As for the throttle plates:

The first carburetor I did was the one without a vacuum advance hose nipple. I randomly grabbed a throttle shaft and one of the new throttle plates and installed them. Everything seemed okay, so I moved on to the second one.

The second one I did was the one with a cap on the vacuum advance nipple. That one didn't go as smoothly. The first problem I had was that I could only barely, with considerable effort, get the shaft into one of the two new Delrin bushings. Most peculiar. I checked the size of the shaft, and it was perfect. I checked the size of the bushing, and as nearly as I could tell, it also was perfect. My 5/16" hand reamer turned freely in the bushing, so it should have been proper size. After about a half hour of messing with it and trying to find the problem, and failing (because the size seemed to be perfect) I finally removed the bushing and installed another one. Reamed it out, and this time all was good. Except:

The new throttle plate that I installed didn't close well, and when I tightened it down, the shaft warped and was binding a bit in the bushings. After messing around with that for a while, I checked the thickness of the new throttle plate and compared it to the old ones. It was thinner. So I put in an old throttle plate that was slightly thicker. The binding problem improved but didn't go away. So I put in the thickest throttle plate, and all was well.

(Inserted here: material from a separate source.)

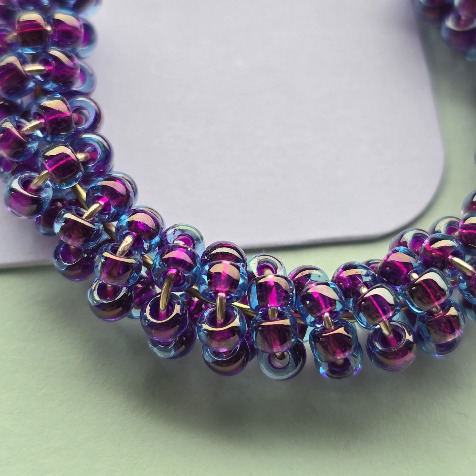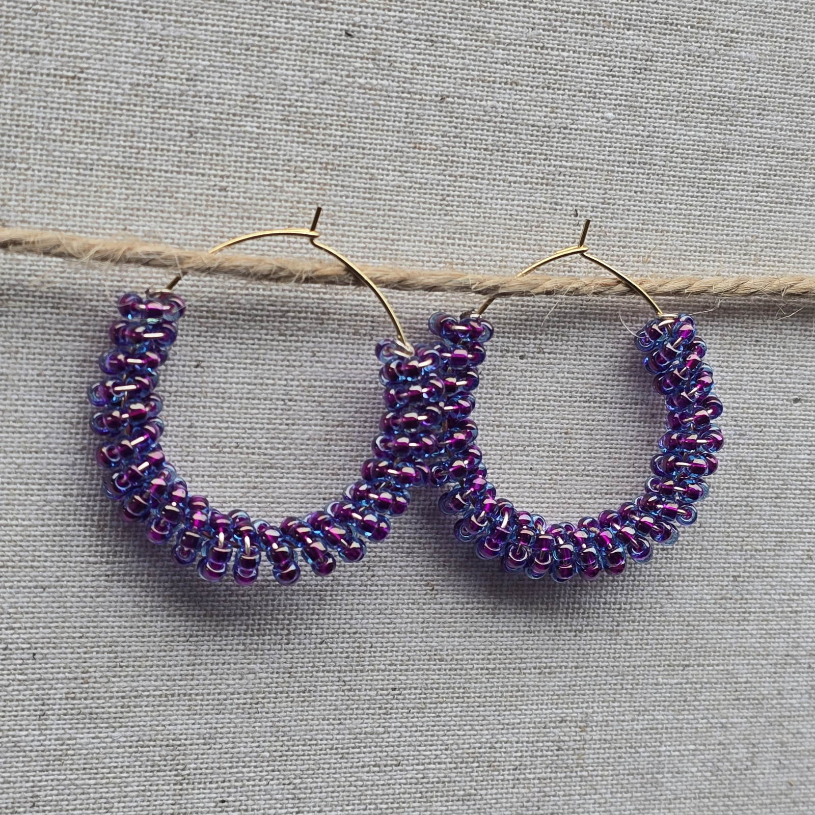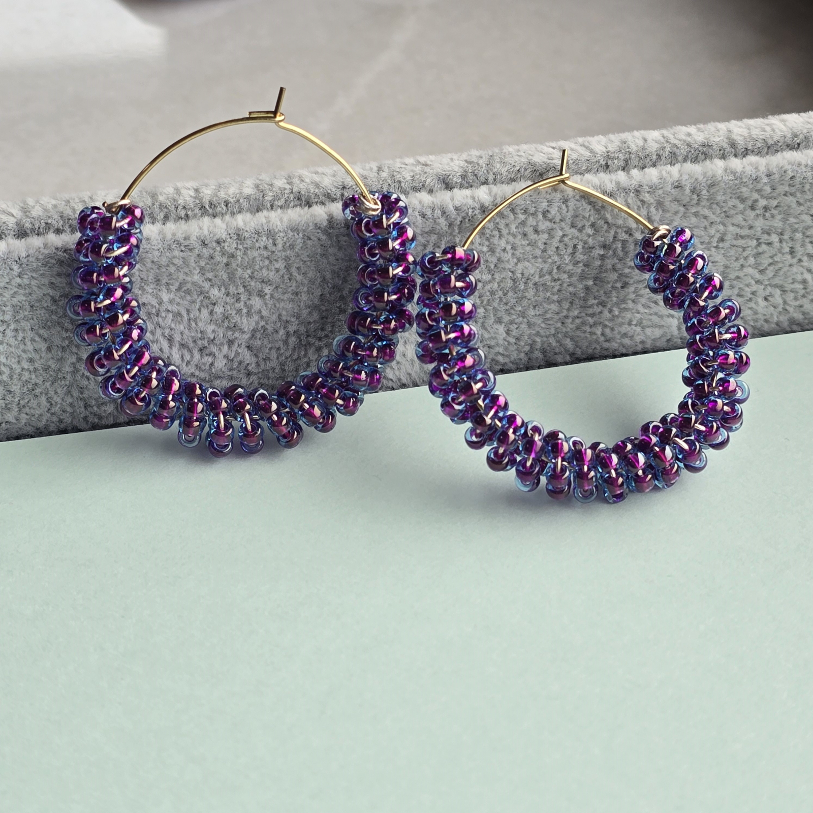 Cerceii sunt confectionati din margele de sticla de culoare mov.

So, I moved on to the third carburetor, the one with the vacuum advance fitting that does not have a cap on it. This one was somewhat the same story as with the second carburetor; when I installed the new throttle plate and tightened the screws, the shaft warped and bound slightly in the bushings, except the binding wasn't as severe. I ended up installing a used throttle plate that was a smidgen thicker, and the problem went away.


Tom Bryant
 
Tom-The problem I experienced was that the binding problem occurred when the car was up to temp., shut off, then restarted a short time later. (snip) End of story.

Berry

Thanks, Berry. That was a peculiar problem, for sure....

As you might infer from my previous post, binding problems can be difficult to track down. I never did find the actual cause of the binding on that second (of three) carburetors. Both the shaft and the bushing seemed to be perfect. I gave up and replaced the bushing with another one "just like" it, using the same tools, techniques, and tolerances as used the first time, and the problem went away. I have no explanation.

Added 12/20/2019:
After thinking about this for a day, I do now have somewhat of an explanation. When using a reamer in Delrin bushings, if you sneak up on the size from below, when you get to that largest reamer, if it's only a smidgen larger than the last previous one, it may not actually do much, if any, cutting; rather, the Delrin will sort of move away from the blade of the reamer and not actually get cut, so the hole remains the same size as the next smaller reamer, or nearly so. When I replaced that "peculiar" Delrin bushing, I reamed it in one fell swoop, using my finish hand reamer, so the hole might well have been cut just a smidgen larger than the hole left behind (by that exact same reamer) in the "peculiar" bushing.